Records from a collection:
════════════════════

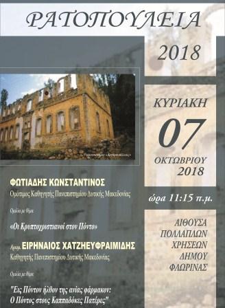 Εκδήλωση απονομής των υποτροφιών «Ρατοπούλεια 2018», σε μαθητές της Φλώρινας, θα γίνει την Κυριακή 7 Οκτωβρίου 2018, στην ακριτική πόλη της Δυτικής Μακεδονίας, και συγκεκριμένα στην αίθουσα πολλαπλών χρήσεων του δήμου Φλώρινας.
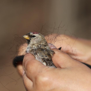 哈尔滨野保志愿者团队志愿者在剪掉缠在白腰朱顶雀身上的鸟网(2019年11月2日摄)。
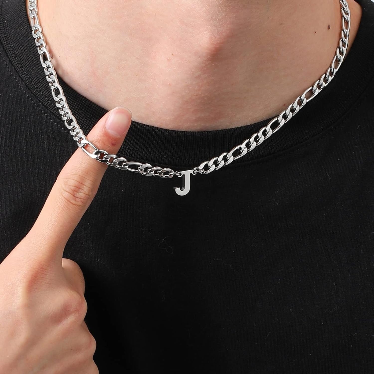 Introducing our Stainless Steel Figaro Letter Necklaces, this combination includes a delicate Figaro stainless steel chain, making it an excellent gift choice for men and boys.The Figaro chain showcases elegance and taste, making it an ideal choice for men to wear on a daily basis.
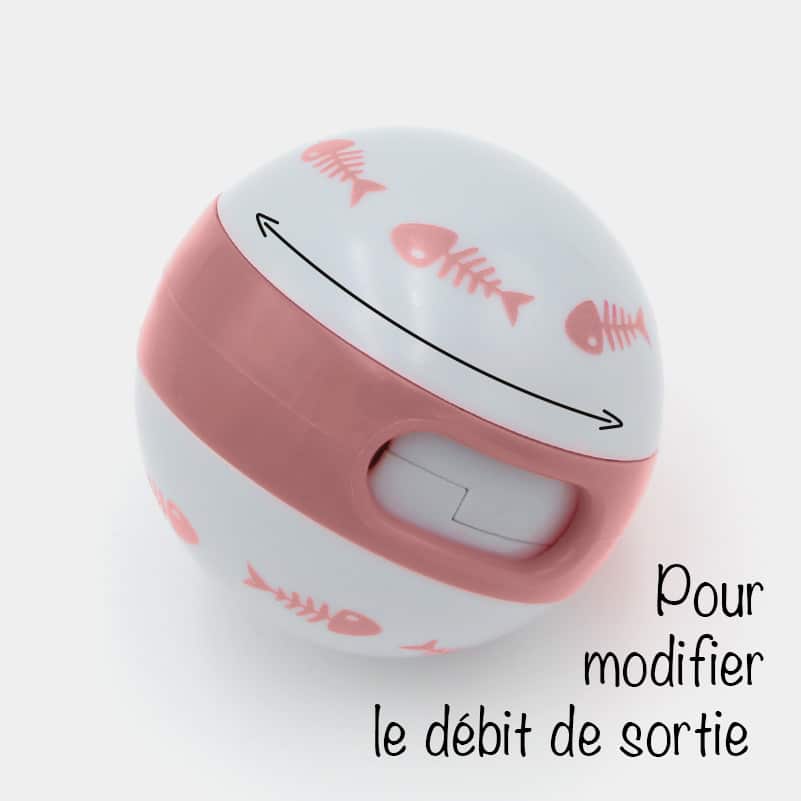 Remplissez la boule de croquettes et réglez l’ouverture de la trappe, par laquelle sortent les croquettes, en fonction du niveau de difficulté souhaité. Proposez-la ensuite à votre chat qui s’amusera à la faire rouler au sol pour en faire sortir les croquettes. Cela permettra de ralentir la prise alimentaire qui contribuera à favoriser la satiété et à maintenir le poids de forme de votre petit compagnon.
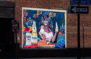 Located at 516 King Street, the AR experience depicts vibrant, traditional Día de Los Muertos artwork with three-dimensional marigolds with fluttering pedals, an ofrenda, illuminated candles, and an interactive La Catrina whose arm turns into a skeleton as she flicks the cap off a Modelo Especial bottle and hands it to the viewer.
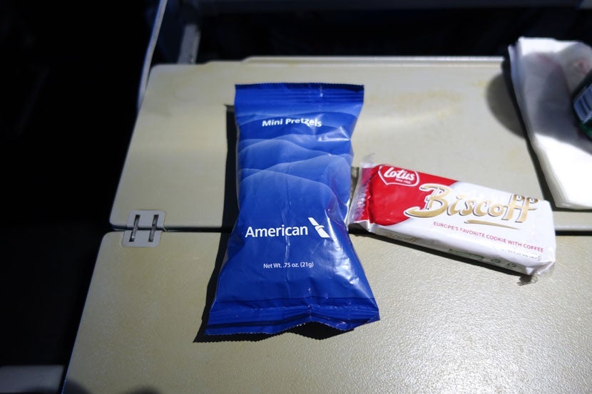 American Airlines offers two complimentary snacks: pretzels and Biscoff cookies.

════════════════════

EXERCISE REQUIREMENTS » The data needs to be reproduced exactly, please, apart from its pictures.

EXPECTED ANSWER »
 Εκδήλωση απονομής των υποτροφιών «Ρατοπούλεια 2018», σε μαθητές της Φλώρινας, θα γίνει την Κυριακή 7 Οκτωβρίου 2018, στην ακριτική πόλη της Δυτικής Μακεδονίας, και συγκεκριμένα στην αίθουσα πολλαπλών χρήσεων του δήμου Φλώρινας.
 哈尔滨野保志愿者团队志愿者在剪掉缠在白腰朱顶雀身上的鸟网(2019年11月2日摄)。
 Introducing our Stainless Steel Figaro Letter Necklaces, this combination includes a delicate Figaro stainless steel chain, making it an excellent gift choice for men and boys.The Figaro chain showcases elegance and taste, making it an ideal choice for men to wear on a daily basis.
 Remplissez la boule de croquettes et réglez l’ouverture de la trappe, par laquelle sortent les croquettes, en fonction du niveau de difficulté souhaité. Proposez-la ensuite à votre chat qui s’amusera à la faire rouler au sol pour en faire sortir les croquettes. Cela permettra de ralentir la prise alimentaire qui contribuera à favoriser la satiété et à maintenir le poids de forme de votre petit compagnon.
 Located at 516 King Street, the AR experience depicts vibrant, traditional Día de Los Muertos artwork with three-dimensional marigolds with fluttering pedals, an ofrenda, illuminated candles, and an interactive La Catrina whose arm turns into a skeleton as she flicks the cap off a Modelo Especial bottle and hands it to the viewer.
 American Airlines offers two complimentary snacks: pretzels and Biscoff cookies.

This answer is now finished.